Constance there is no "embodied/embedded/enactive description of consciousness" because one does not exist.
Yes, there are "embodied/embedded/enactive description" of cognition but those are fridge theories at best.
There are no physical theories of consciousness. None.
There are no computational not informational ones either.
Even in the excellent Aeon article I posted a few posts back about philosophers making consciousness too complex, the author expands on the exciting and emerging paradigm of predicitve processing.
Not even this powerful "new" paradigm can touch the hard problem.

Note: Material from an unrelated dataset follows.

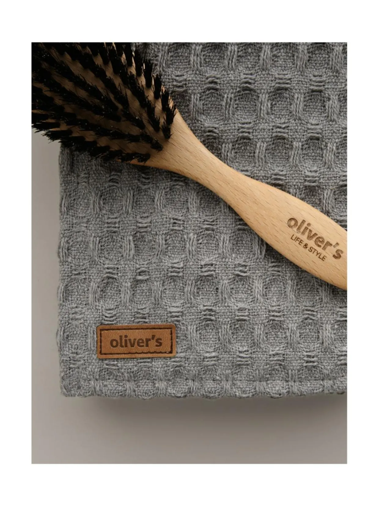 Oliver’s Life & Stylen koiran kylpypyyhe on valmistettu 75% kierrätetystä puuvillasta ja 25% polyesterista tehdystä vohvelikankaasta. Pyyhe on suunniteltu ja valmistettu Suomessa. Pyyhe imee hyvin kosteutta koiran turkista kylpyhetken tai pesun jälkeen. Se myös kuivuu nopeasti ja pyyhkeen saa helposti ripustettua kuivumaan sen pitkällä sivulla olevasta ripustinlenkistä. Pyyhkeen voi pestä koneessa 40 asteessa.
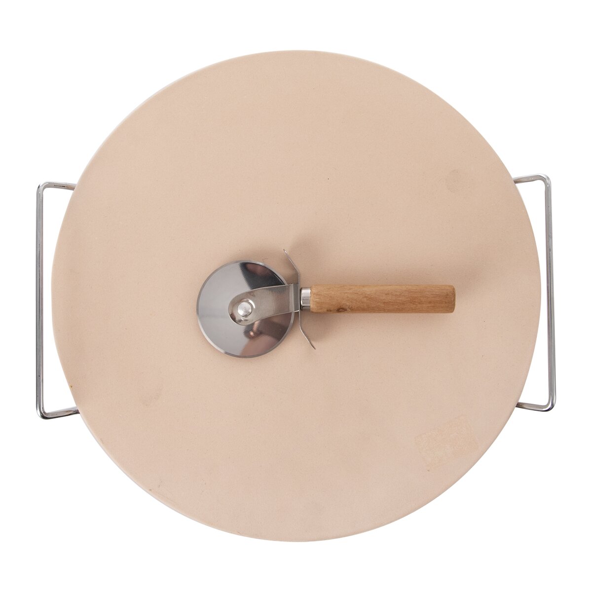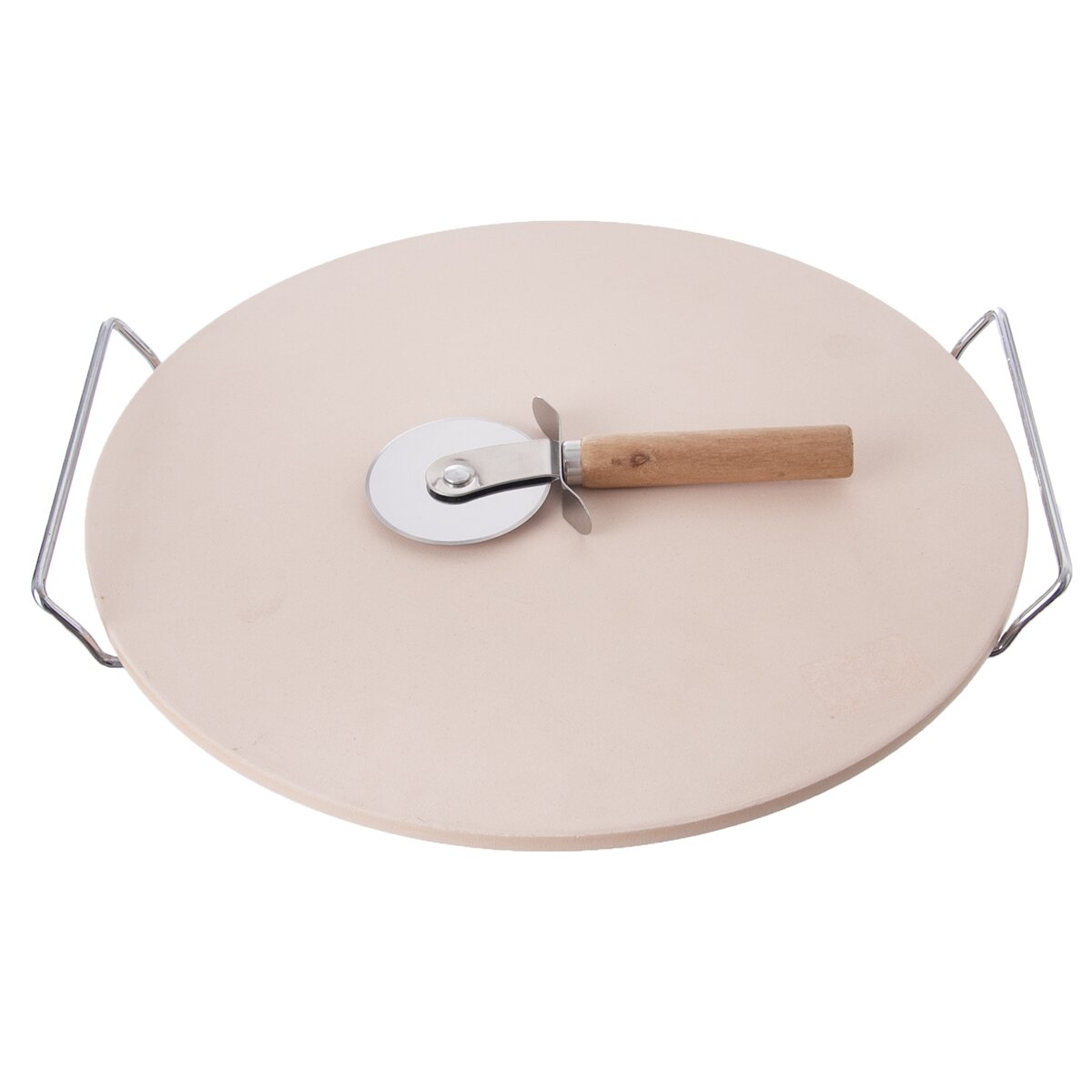 Kód produktu 123778Kulatá kameninová deska průměru 33 cm cm, ideální na pečení křupavé pizzy, chleba, masa, ryb i zeleniny ve všech typech trub. Součástí je drátěný stojan a kovový kráječ na pizzu s dřevěnou rukojetí.

Consciousness in the predictive mind
"The prediction error minimization (PEM) account of brain function may explain perception, learning, action, attention and understanding. That at least is what its proponents claim, and I suggested in an
earlier post that perhaps the brain does nothing but minimize its prediction error. So far I haven’t talked explicitly about consciousness. Yet, if PEM is true, and if consciousness is based in brain activity, then PEM should explain consciousness too. In this post I therefore speculate about what PEM might have to say about consciousness.
We talk about consciousness in many different ways: metaphysical, neurological, psychological, colloquial. Accordingly, there are many different ways a theory like PEM could engage with consciousness.
Starting at the top, could PEM deal with the hard problem of consciousness? No. It is easy to conceive of a system that minimizes prediction error yet has no phenomenal consciousness. So consciousness does not supervene on prediction error minimization."
You have to love the no bullshit approach.
The hard problem makes it pretty clear that consciousness does not supervene on anything within the physical domain. That is why I have found Hoffmans interface theory to be so exciting; it explains why looking to the physical for the origin of consciousness will never bear fruit.